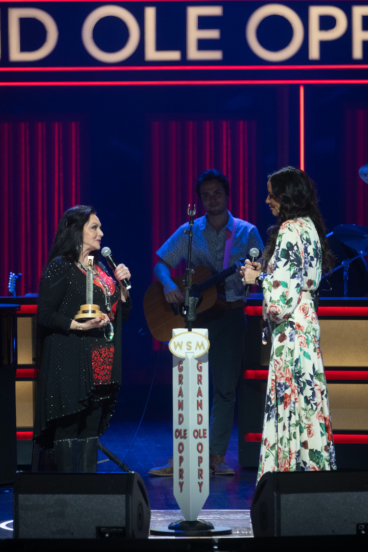 Crystal Gayle welcomes Sara Evans in to the Grand Ole Opry family. (Photo by Chris Hollo// provided by Schmidt Relations)
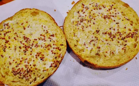 4.バンズの切り口に☆を混ぜ合わせたものをぬる。
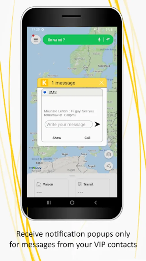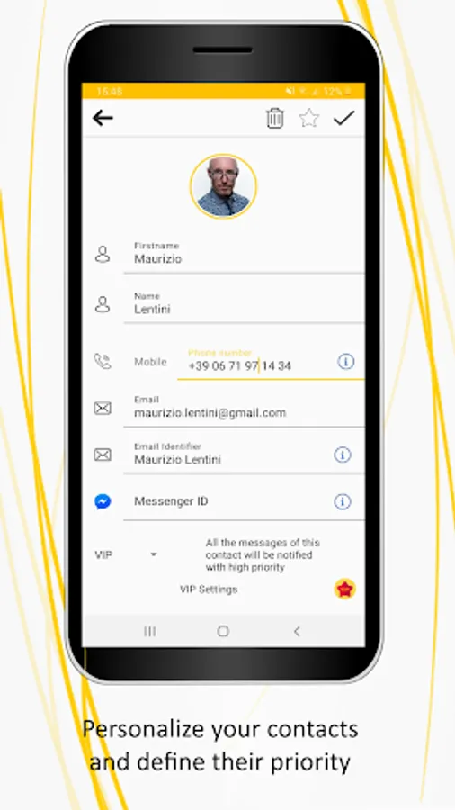 - For each contact, choice of priority level (VIP, standard, no notification) for all the notifications of SMS, WhatsApp, Messenger, Signal, Telegram, Gmail and Outlook messages received from this contact

# [Task goal]
An exact transcript of the listing is needed, free of pictures.

# [Response for this exercise]
 Crystal Gayle welcomes Sara Evans in to the Grand Ole Opry family. (Photo by Chris Hollo// provided by Schmidt Relations)
 4.バンズの切り口に☆を混ぜ合わせたものをぬる。
 - For each contact, choice of priority level (VIP, standard, no notification) for all the notifications of SMS, WhatsApp, Messenger, Signal, Telegram, Gmail and Outlook messages received from this contact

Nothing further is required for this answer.